Background After chest radiotherapy (RT) for Hodgkin lymphoma (HL), women experience a dose-dependent increase of breast cancer risk. It is unknown whether endogenous and exogenous gonadal hormones affect the radiation dose-response relationship.
Methods We conducted a case-control study nested within a cohort of female 5-year HL survivors treated before age 41 years between 1965 and 2000. Detailed data on HL treatment, reproductive factors and hormone use were collected through medical records and questionnaires for 174 breast cancer cases and 466 matched HL controls who did not develop breast cancer. RT charts, simulation films and mammography reports were used to estimate the radiation dose to the location of the breast tumor (and similar location for matched controls).
Results The median interval between HL diagnosis and breast cancer diagnosis was 21.9 years. Ninety-eight percent of the cases received supradiaphragmatic RT and 3% pelvic RT (without successful oophoropexy) compared with 92% and 9% of the controls respectively. We observed a linear radiation dose-response relationship for risk of breast cancer with an adjusted excess odds ratio (EOR) of 5.4%/Gray (95%CI:1.8%-13.3%). Women who reached menopause before age 30 years (caused by high dose of procarbazine or pelvic RT) had a lower risk (OR 0.13; 95%CI:0.03-0.54) than women who reached menopause at age ≥50 years when adjusted for RT dose. Breast cancer risk increased by 7.4% for each additional year of intact ovarian function after RT (P<0.001). Among women with an early menopause (<45 years), the use of hormone replacement therapy (HRT) for ≥2 years did not increase breast cancer risk (OR 0.81, 95%CI:0.30-2.21), while this risk was non-significantly increased among women who became menopausal at ages ≥45 years (OR 1.91, 95%CI:0.70-5.20). Moreover, endogenous and exogenous hormones did not statistically significantly modify the slope of the linear radiation dose-response relationship.
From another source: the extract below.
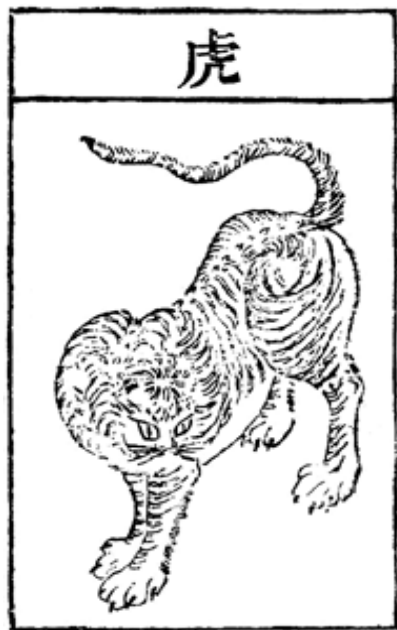
《本草綱目》的虎圖。據綱目，虎骨及肉、血等皆入藥。台灣自 1985 年起已禁止進口虎骨。

Conclusion Among female survivors of HL treated with chest RT, a therapy-induced premature menopause reduces their radiation-associated breast cancer risk. However, hormone replacement therapy use did not appear to increase breast cancer risk in these women. There was no evidence for interaction between RT dose and number of years with intact ovarian function or HRT use.